1085results about How to "The reaction steps are simple" patented technology

The invention discloses a method for preparing antithrombotic medicament apixaban. The method comprises the following steps of: obtaining a compound V by performing an amidation-cyclization two-step one-pot reaction on paranitroaniline serving as a raw material and a general purpose reagent 5-chlorine valeryl chloride under an alkaline condition; performing di-chlorination on the alpha-hydrogen of the V by using phosphorus pentachloride; performing a condensation-elimination reaction with excess morpholine to obtain a compound VI; reducing the VI into a compound VII by using sodium sulfide; performing the amidation-cyclization two-step one-pot reaction on the VII and the 5-chlorine valeryl chloride to obtain a key intermediate III; obtaining II by performing a [3+2] cyclization-elimination reaction on the III and another intermediate IV; and finally, obtaining I by performing aminolysis on the II. The method has the advantages that: process design is reasonable, expensive reagent is not used, reaction yield is high, raw material cost is low, and the method is simple and convenient to operate, has no harsh reaction condition, and is easy to perform large-scale production.

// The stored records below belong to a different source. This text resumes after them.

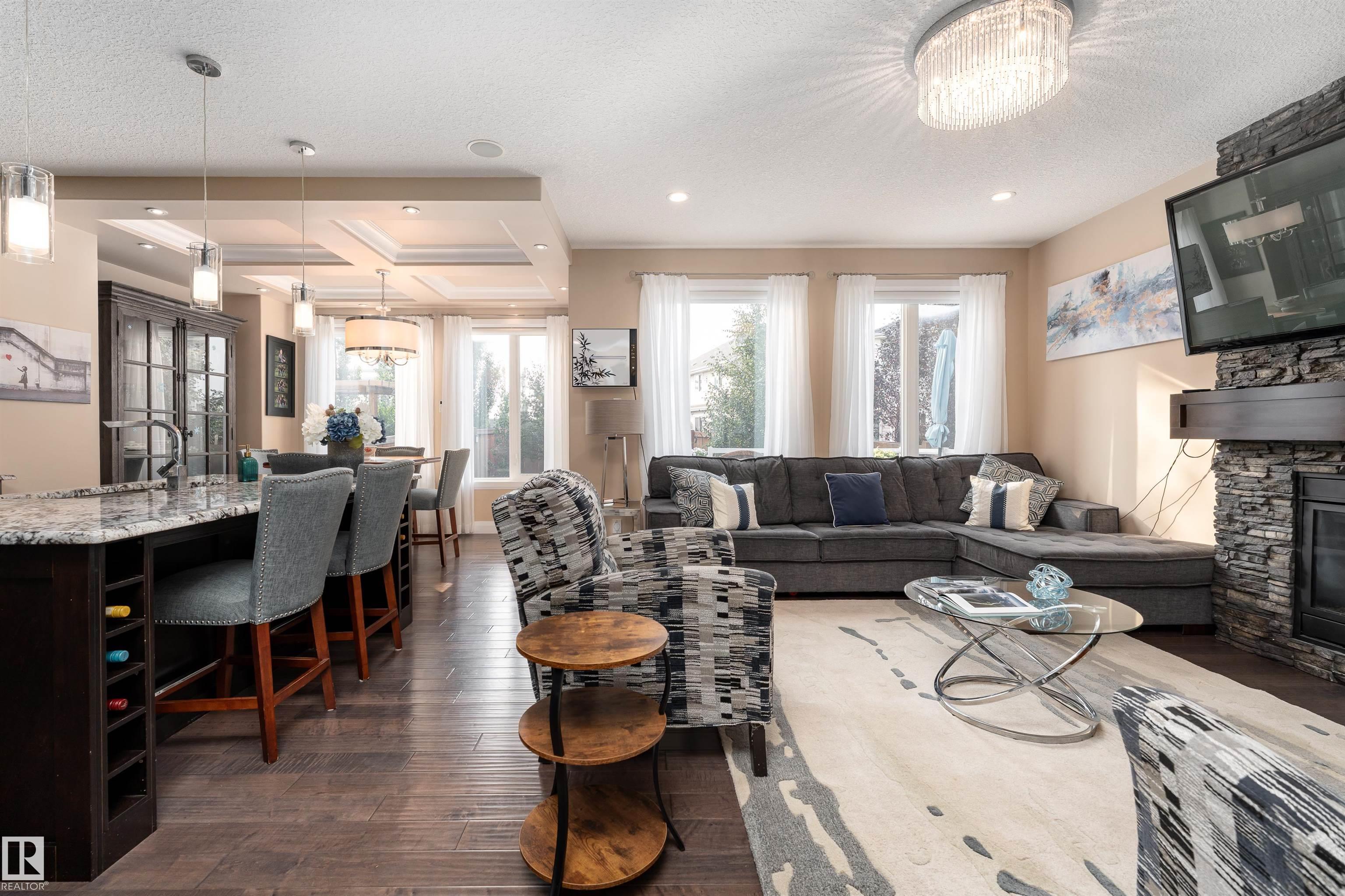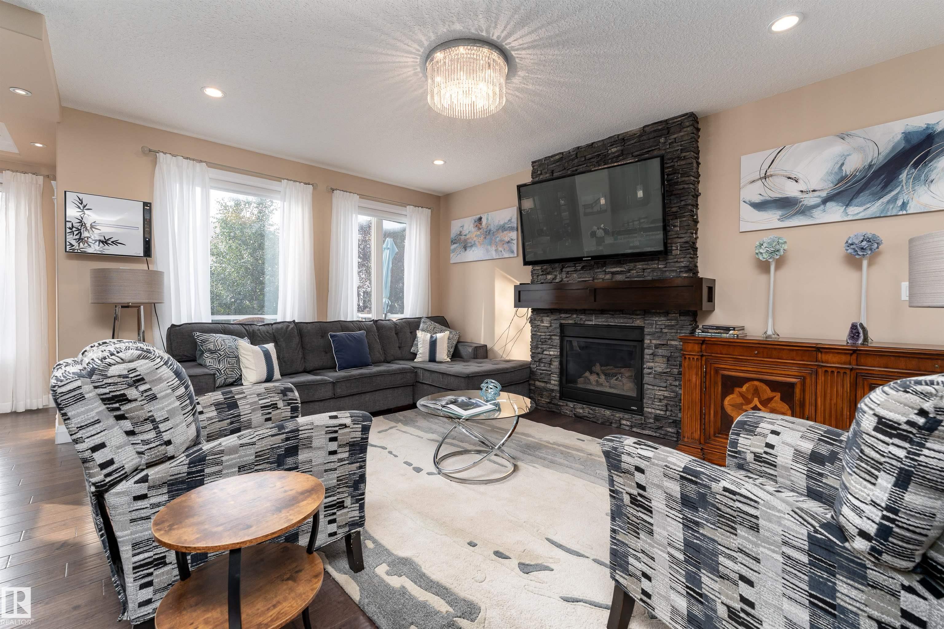 Great Cul-de-Sac location in Starling! This beautiful 2,302 sq. ft. home offers an open main floor with 9 ft. ceilings, a cozy gas fireplace in the living room, and a stylish kitchen featuring a large island with eating bar, full-height cabinets, granite counters, walk-in pantry, and stainless steel appliances. The spacious dining area opens through a garden door to the deck and extended outdoor living space. A main floor bedroom and powder room add convenience. Upstairs, enjoy a huge bonus room, a primary suite with a luxurious ensuite and walk-in closet, plus two more bedrooms, a laundry room, and a second full bath. The unfinished basement is ready for your personal touch. Additional features include air conditioning for year-round comfort. Located close to trails, green spaces, parks, playgrounds, a nearby golf course, schools, and all amenities.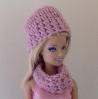 This crochet PATTERN is for an accessory set for a Doll. The set includes a beanie, a headband, a cowl, and a scarf.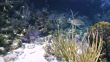 Turtle Swims toward camera, then by the camera along reef, porkfish in background. Key Largo, Florida Keys. - HD Bildbanksvideo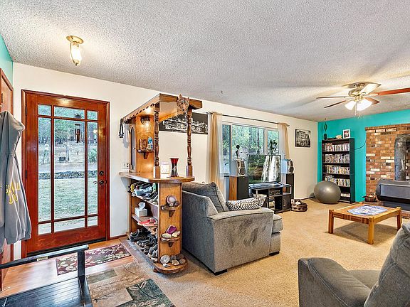 Wonderful country living only five minutes from town in a peaceful setting on 1+ level acre in a single level three bedroom home with many updates. Mountain and forest views! RV Pad, out buildings, fire pit, garden, chicken coop too! Newer windows, roof, heat pump and well pump. Peaceful Country Living! nyone considering purchasing this property should perform their own investigation into the uses and condition of the property, including room sizes, property lines, zoning and growing regulations.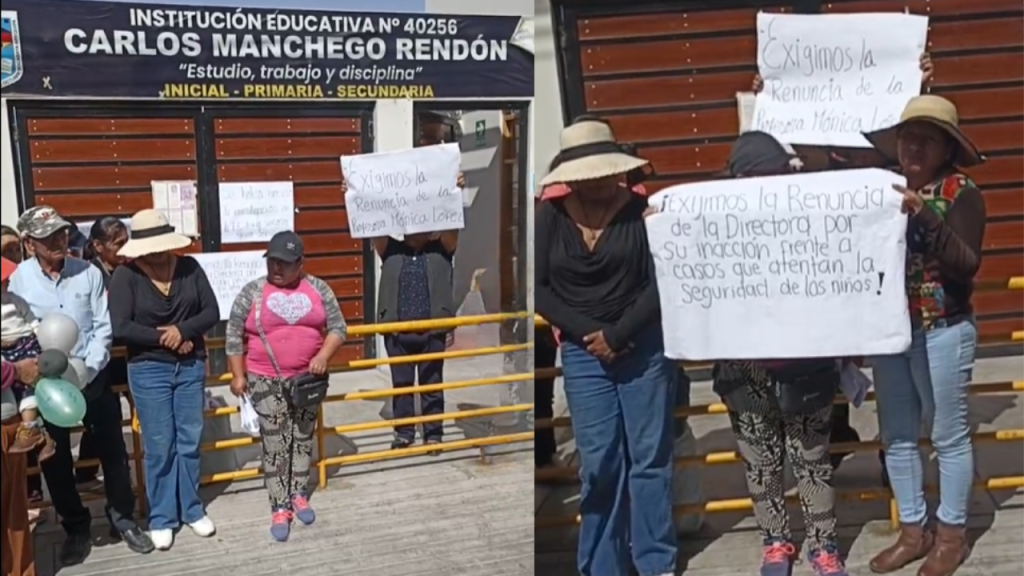 Padres de familia del colegio Carlos Manchego Rendón (I.E. 40256), en el distrito de Socabaya, realizaron esta mañana un plantón para exigir la expulsión inmediata

The invention relates to a type of antibacterial fabric and a preparing method thereof, with the preparing method comprising: adsorbing cross-linking agent to the surface of fabric containing C-H key to obtain the fabric adsorbing cross-linking agent; taking the fabric adsorbing cross-linking agent as filter cloth for filtering oxidation graphite alkene aqueous solution to obtain the fabric containing both the cross-linking agent and the oxidation graphite alkene; and employing radiation crosslinking method or heat crosslinking method to initiate the cross-linking agent upon the fabric containing both the cross-linking agent and the oxidation graphite alkene for crosslinking polymerization, thus to obtain antibacterial fabric, wherein the cross-linking agent contains more than two carbon-carbon double bonds and/or Carbon-carbon triple bonds. The method of the invention is easy to operate, consumes less amount of oxidation graphite alkene, uses less amount of time in post-treatment period, and is of low cost and suitable for large scale industrialized production. Moreover, the antibacterial fabric made in this way keeps great antibacterial performance even after repeated washing. With the cytotoxicity at Level 0 (the highest security level), the antibacterial fabric produces nearly no irritation to skin.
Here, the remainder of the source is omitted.